*Material shown:*
● ● ● ●

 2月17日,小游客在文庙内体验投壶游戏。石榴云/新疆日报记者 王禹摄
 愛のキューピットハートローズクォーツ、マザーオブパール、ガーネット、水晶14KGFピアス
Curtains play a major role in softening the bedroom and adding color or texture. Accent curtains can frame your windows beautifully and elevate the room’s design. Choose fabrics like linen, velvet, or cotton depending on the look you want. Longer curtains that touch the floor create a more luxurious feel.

● ● ● ●

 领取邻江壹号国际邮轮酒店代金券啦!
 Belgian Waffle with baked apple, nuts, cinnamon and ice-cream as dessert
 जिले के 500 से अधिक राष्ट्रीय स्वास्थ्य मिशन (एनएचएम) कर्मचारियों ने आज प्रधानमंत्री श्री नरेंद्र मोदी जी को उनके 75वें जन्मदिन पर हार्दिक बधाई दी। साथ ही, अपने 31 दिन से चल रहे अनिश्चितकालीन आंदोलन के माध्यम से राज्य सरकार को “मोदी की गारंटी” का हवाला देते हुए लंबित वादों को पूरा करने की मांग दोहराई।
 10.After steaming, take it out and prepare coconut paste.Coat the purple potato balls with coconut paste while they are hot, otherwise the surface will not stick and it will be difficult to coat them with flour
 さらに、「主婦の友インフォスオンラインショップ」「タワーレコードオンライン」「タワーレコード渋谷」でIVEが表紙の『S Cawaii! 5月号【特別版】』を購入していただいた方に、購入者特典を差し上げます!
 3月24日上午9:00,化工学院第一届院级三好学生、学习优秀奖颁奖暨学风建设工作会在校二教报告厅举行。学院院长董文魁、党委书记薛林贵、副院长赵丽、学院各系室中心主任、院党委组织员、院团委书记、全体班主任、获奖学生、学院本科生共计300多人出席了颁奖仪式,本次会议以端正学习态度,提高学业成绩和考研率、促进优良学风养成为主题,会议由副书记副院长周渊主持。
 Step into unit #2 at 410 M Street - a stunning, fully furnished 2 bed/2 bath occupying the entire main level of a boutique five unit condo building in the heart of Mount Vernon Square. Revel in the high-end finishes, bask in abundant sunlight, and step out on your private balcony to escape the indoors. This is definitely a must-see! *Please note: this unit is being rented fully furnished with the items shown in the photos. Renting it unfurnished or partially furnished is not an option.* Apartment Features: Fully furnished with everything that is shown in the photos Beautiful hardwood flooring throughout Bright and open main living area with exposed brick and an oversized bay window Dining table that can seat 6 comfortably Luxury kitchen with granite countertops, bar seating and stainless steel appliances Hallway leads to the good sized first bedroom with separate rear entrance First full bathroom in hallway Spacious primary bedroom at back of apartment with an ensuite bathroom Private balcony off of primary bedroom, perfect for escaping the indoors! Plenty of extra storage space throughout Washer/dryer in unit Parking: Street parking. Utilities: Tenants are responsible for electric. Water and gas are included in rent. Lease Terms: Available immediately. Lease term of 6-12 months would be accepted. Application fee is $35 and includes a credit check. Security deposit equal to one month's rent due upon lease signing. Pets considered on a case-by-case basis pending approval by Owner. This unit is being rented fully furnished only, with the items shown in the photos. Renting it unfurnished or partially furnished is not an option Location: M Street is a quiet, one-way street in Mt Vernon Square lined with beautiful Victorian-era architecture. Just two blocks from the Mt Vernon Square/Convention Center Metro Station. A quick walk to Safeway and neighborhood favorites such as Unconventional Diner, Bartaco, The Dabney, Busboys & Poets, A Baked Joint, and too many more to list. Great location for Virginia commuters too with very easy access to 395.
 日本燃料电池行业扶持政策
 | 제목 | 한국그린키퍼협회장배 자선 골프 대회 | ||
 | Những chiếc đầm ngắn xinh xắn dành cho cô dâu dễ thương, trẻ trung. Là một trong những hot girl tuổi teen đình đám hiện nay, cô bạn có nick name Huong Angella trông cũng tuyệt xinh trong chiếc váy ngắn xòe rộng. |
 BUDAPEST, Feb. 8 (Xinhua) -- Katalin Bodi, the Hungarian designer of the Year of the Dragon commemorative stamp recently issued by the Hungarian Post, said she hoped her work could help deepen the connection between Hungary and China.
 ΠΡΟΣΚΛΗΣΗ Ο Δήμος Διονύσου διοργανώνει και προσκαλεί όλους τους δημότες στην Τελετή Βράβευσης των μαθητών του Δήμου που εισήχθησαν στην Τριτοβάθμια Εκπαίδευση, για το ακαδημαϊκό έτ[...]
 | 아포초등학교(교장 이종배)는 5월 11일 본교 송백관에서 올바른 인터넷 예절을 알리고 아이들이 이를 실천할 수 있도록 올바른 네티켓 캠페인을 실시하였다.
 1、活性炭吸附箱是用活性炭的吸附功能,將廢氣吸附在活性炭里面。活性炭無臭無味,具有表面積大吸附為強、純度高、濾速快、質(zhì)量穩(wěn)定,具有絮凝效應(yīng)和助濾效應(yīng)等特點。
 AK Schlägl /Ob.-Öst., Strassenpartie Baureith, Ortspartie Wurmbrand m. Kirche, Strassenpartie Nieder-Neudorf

● ● ● ●

*Directions:* Go to the line with "자선 골프 대회 | ||" in the entries above and repeat every line from there through the line with "xòe rộng. |", exactly and with no other text.

*Solution to this task:*
 | 제목 | 한국그린키퍼협회장배 자선 골프 대회 | ||
 | Những chiếc đầm ngắn xinh xắn dành cho cô dâu dễ thương, trẻ trung. Là một trong những hot girl tuổi teen đình đám hiện nay, cô bạn có nick name Huong Angella trông cũng tuyệt xinh trong chiếc váy ngắn xòe rộng. |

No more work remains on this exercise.